Add 2ml of premix per gallon of syrup (2 tsp per 5 gallons). Slowly pour the premix into the hot water that you’re using to mix syrup (watch the fumes) and stir vigorously until thoroughly mixed. Note that thymol sinks in alcohol, but floats in water, and will rise to the surface of the syrup until it is thoroughly dissolved by stirring. The premix can also be added to the bottom of a tank as you fill it with warm HFCS. Caution: you should always wear nitrile gloves when handling thymol, if for nothing else, to remind you not to rub your eyes! If you do get it on your skin, wash it off with warmwater—cold water won’t dissolve it.

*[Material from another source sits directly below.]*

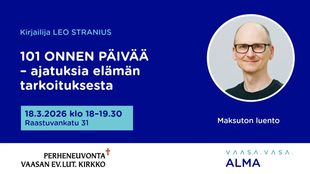 Kaikille avoin ja maksuton 101 onnen päivää – ajatuksia elämän tarkoituksesta -luento pidetään Vaasan kansalaisopisto Almassa keskiviikkona 18.3.2026 klo 18–19.30, Raastuvankatu 31, juhlasali A318, 3. kerros. Luento pidetään suomen kielellä.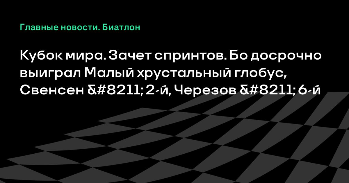Кубок мира. Зачет спринтов. Бо досрочно выиграл Малый хрустальный глобус, Свенсен – 2-й, Черезов – 6-й

OK, OK, I’ll do even more math for you, in order to help you to avoid mistakes. Here’s a really simple way of making the premix. Take a 1 pint (473ml) bottle of 91% alcohol, mark the fill level, then pour the alcohol out. Then weigh 59g of thymol crystals, and pour them carefully into the empty bottle. Then pour about three quarters of the alcohol back in, recap, and shake until the alcohol’s dissolved. Then top off back the the original fill level with alcohol. You now have a bottle of premix that will thymolate (dontcha just love the sound of that word?) 236 gallons of syrup. Similarly for a liter bottle, put in 125g thymol, and top off to 1 liter with alcohol. For God’s sake, immediately relabel the bottle so that no one rubs it on their skin (I guarantee you, they're not gonna drink it)! Any of these premixes can be added at the rate of 2ml per gallon of syrup.


----------